Reabastecimento em voo de bombardeiros furtivos B-2 sobre nuvens ao pôr do sol.

O programa do novo bombardeiro furtivo B-21 Raider acaba de ganhar um marco bem concreto - e agora confirmado oficialmente. Ao longo do dia de ontem, a Força Aérea dos EUA e a Northrop Grumman divulgaram imagens do que foi o primeiro reabastecimento em voo da aeronave, sinalizando o avanço dos testes rumo à futura incorporação do modelo.

A divulgação acontece quase um mês depois de observadores em solo terem registrado fotos de um desses aviões sendo reabastecido por um KC-135 Stratotanker, nos céus da Califórnia, durante um voo de testes que durou mais de cinco horas. A operação contou ainda com o apoio de um caça F-16, empregado para acompanhar e monitorar o desempenho da manobra.

Comentando o que esse passo representa para o programa B-21, o vice-presidente corporativo e presidente da Northrop Grumman Aeronautics Systems, Tom Jones, afirmou: “Nossas equipes estão realizando os testes do B-21 Raider em um ritmo sem precedentes, demonstrando continuamente seu excelente desempenho, incluindo o reabastecimento em voo. Projetamos e construímos uma aeronave confiável e adaptável, vital para as missões de nossos combatentes, e operamos com a urgência própria de tempos de guerra para acelerar a produção e entregar essa capacidade.

Ao detalhar o desempenho do B-21 nesses voos de ensaio, a Northrop Grumman destacou que a aeronave vem demonstrando uma melhora considerável na eficiência de consumo de combustível em comparação com modelos anteriores. Isso, somado às capacidades de reabastecimento em voo agora validadas, tende a garantir um alcance operacional relevante. Além disso, espera-se que o ganho de eficiência também contribua para menor desgaste de componentes e para uma redução das necessidades logísticas associadas à operação da frota no futuro.

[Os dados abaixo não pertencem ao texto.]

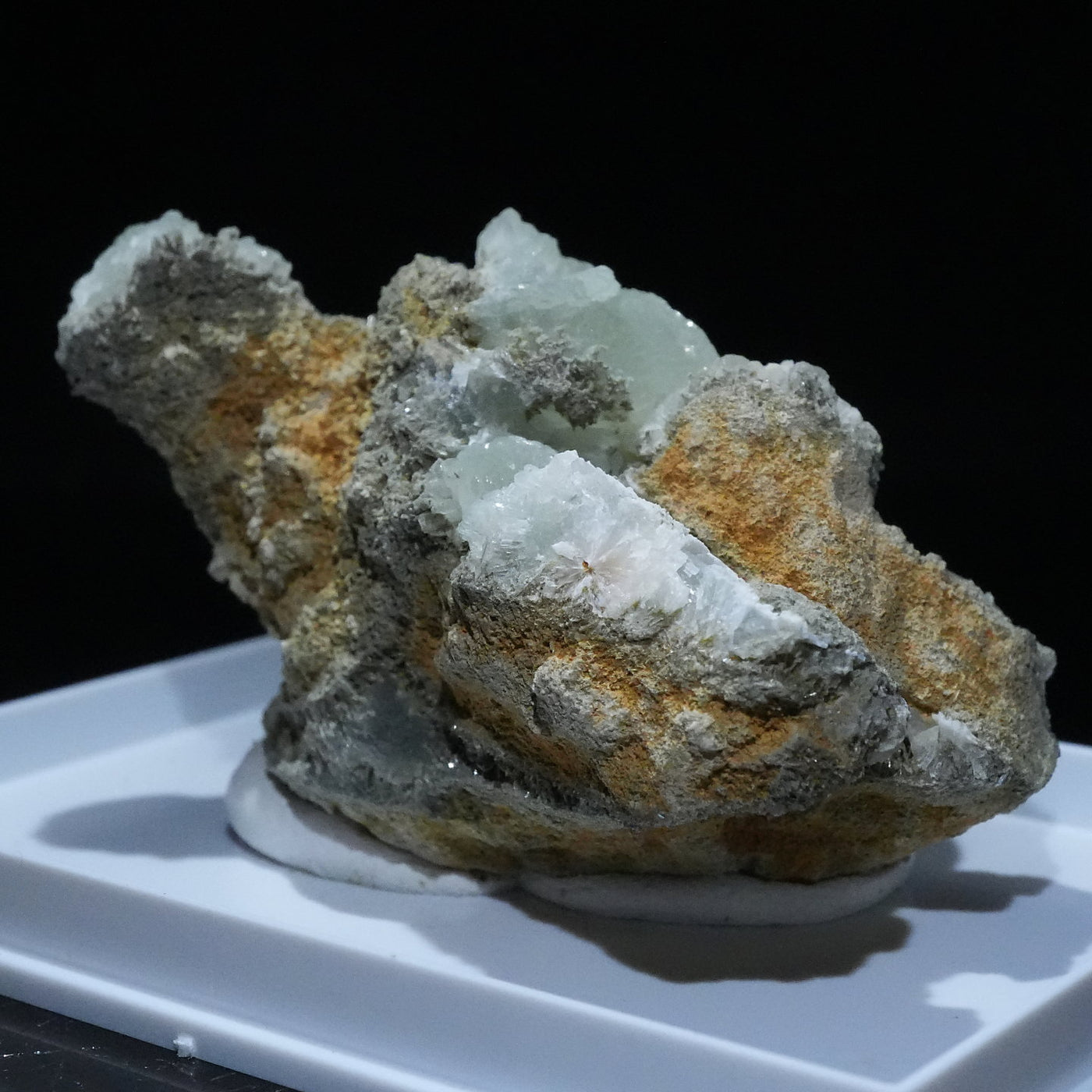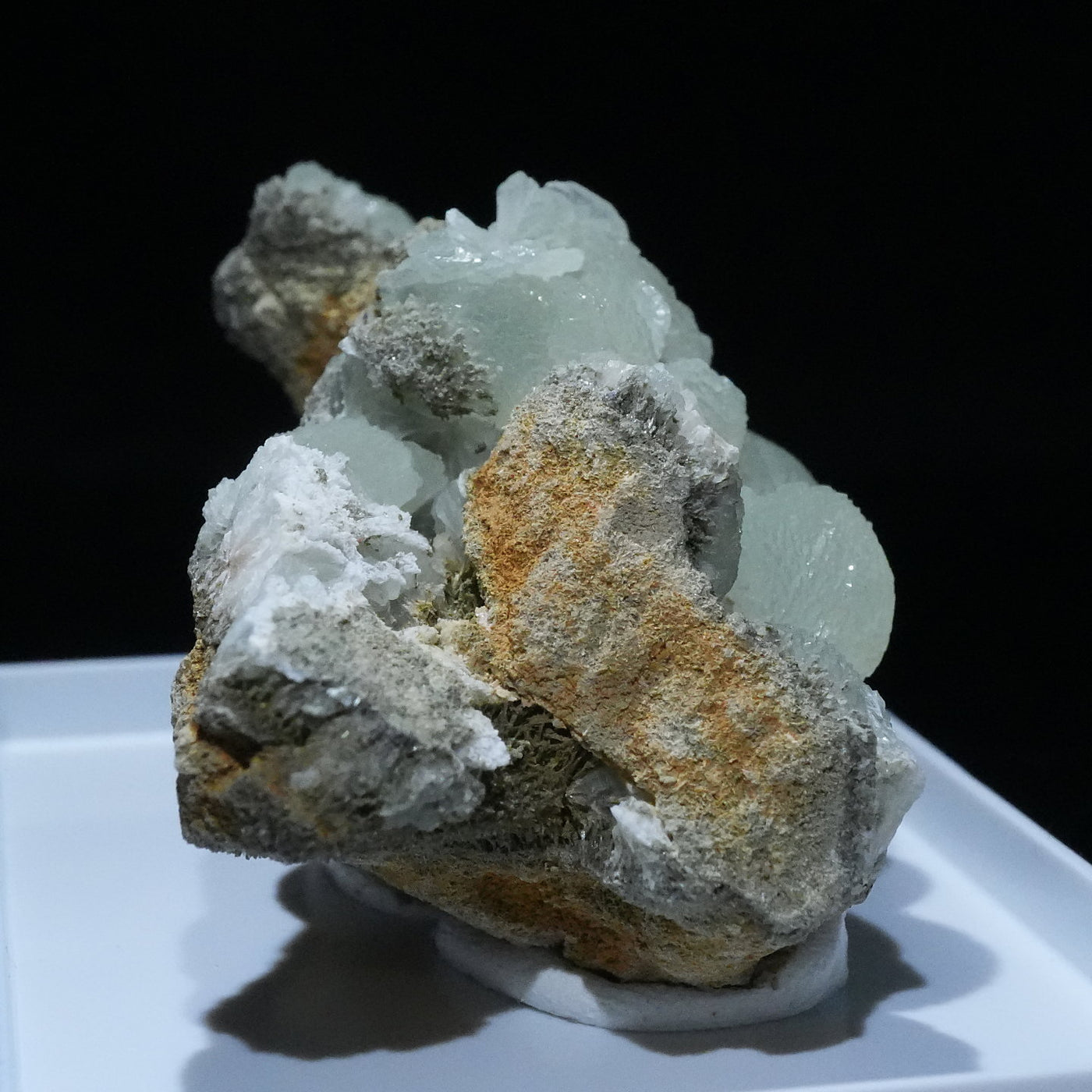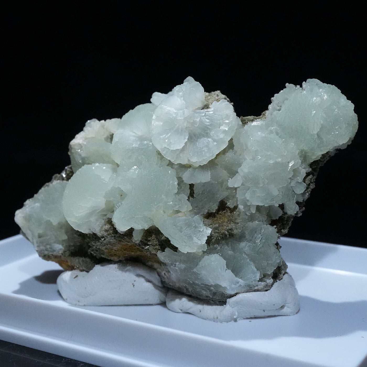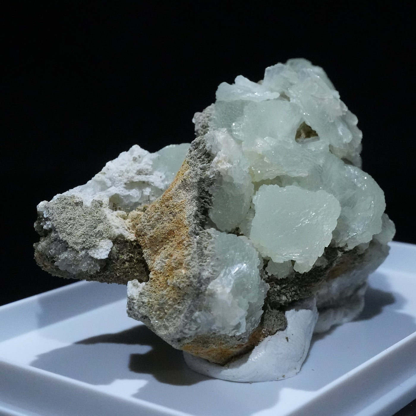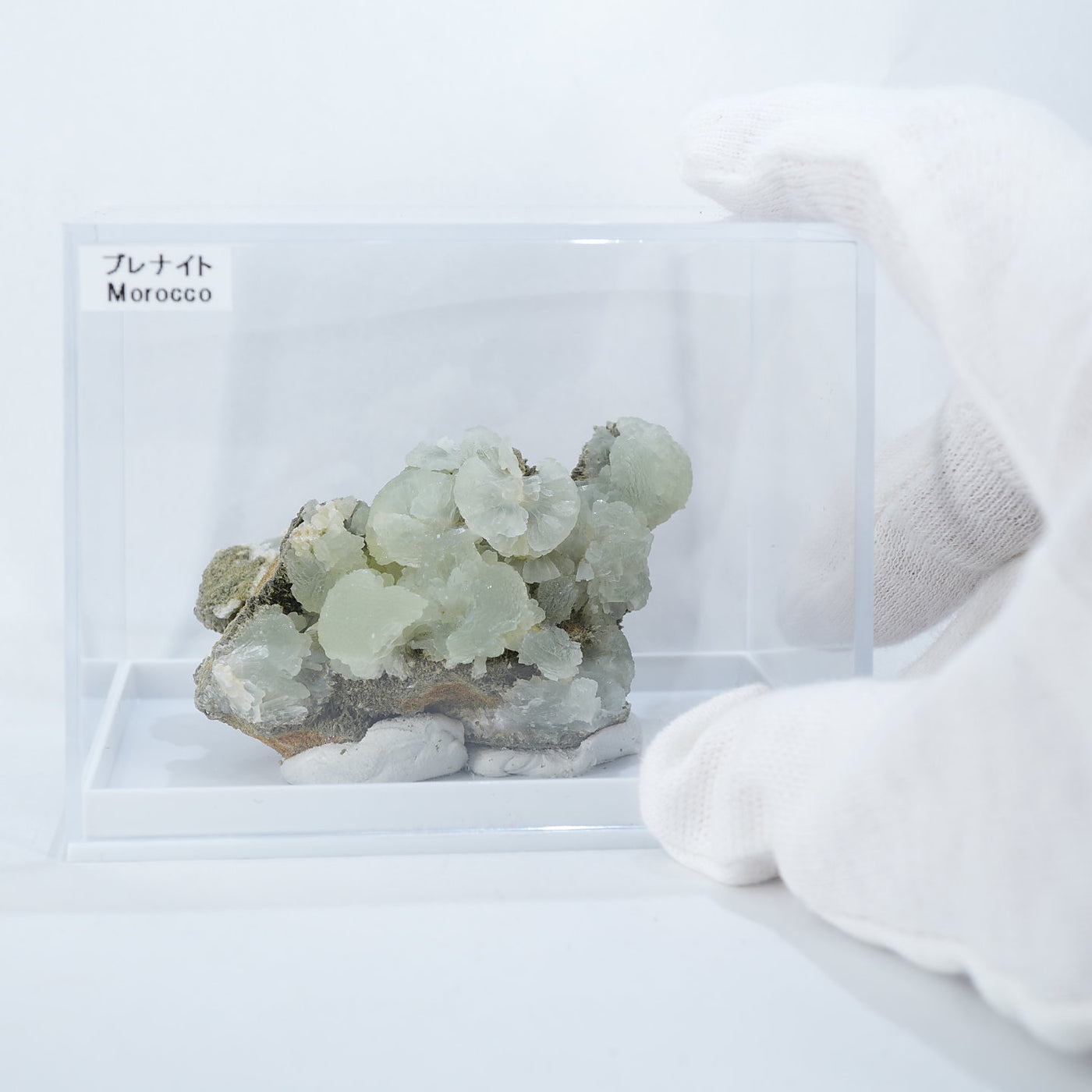 モロッコ産のプレナイトです。淡いマスカットグリーンの結晶が母岩全体に広がり、見ごたえがあります。【産地】Djebel Melh, Figuig Cercle, Oriental Region, Morocco【サイズ】約57mm×35mm×33mm【ご注意】ライトを当てて撮影しております、またご覧になるモニター環境によっても差があり、色合いの違いを感じられる事が有ります。 商品は天然ゆえ写真では確認できない細かな傷や凹み等がある場合もございます。イメージの違いに関しての返品は受付出来かねますのでご了承ください。【その他】価格は税込表示です、送料は全国一律全て無料です。宅配便またはポスト投函便(ヤマト運輸ネコポス)にて配送いたします。発送方法の指定はできません。

Em paralelo, a fabricante voltou a reforçar que vem investindo e trabalhando para acelerar o ritmo de produção e a posterior entrega dos B-21 à Força Aérea dos EUA. A aposta recai principalmente no uso de novas ferramentas digitais e de realidade aumentada, que permitem identificar problemas e possíveis soluções antes mesmo de “encostar” na aeronave. Também foi destacada a formação de uma ampla rede de fornecimento, reunindo mais de 400 fornecedores dentro do território norte-americano e mais de 8.000 pessoas atuando no programa - incluindo militares da própria força, com o objetivo de agilizar a comunicação entre cliente e fabricante.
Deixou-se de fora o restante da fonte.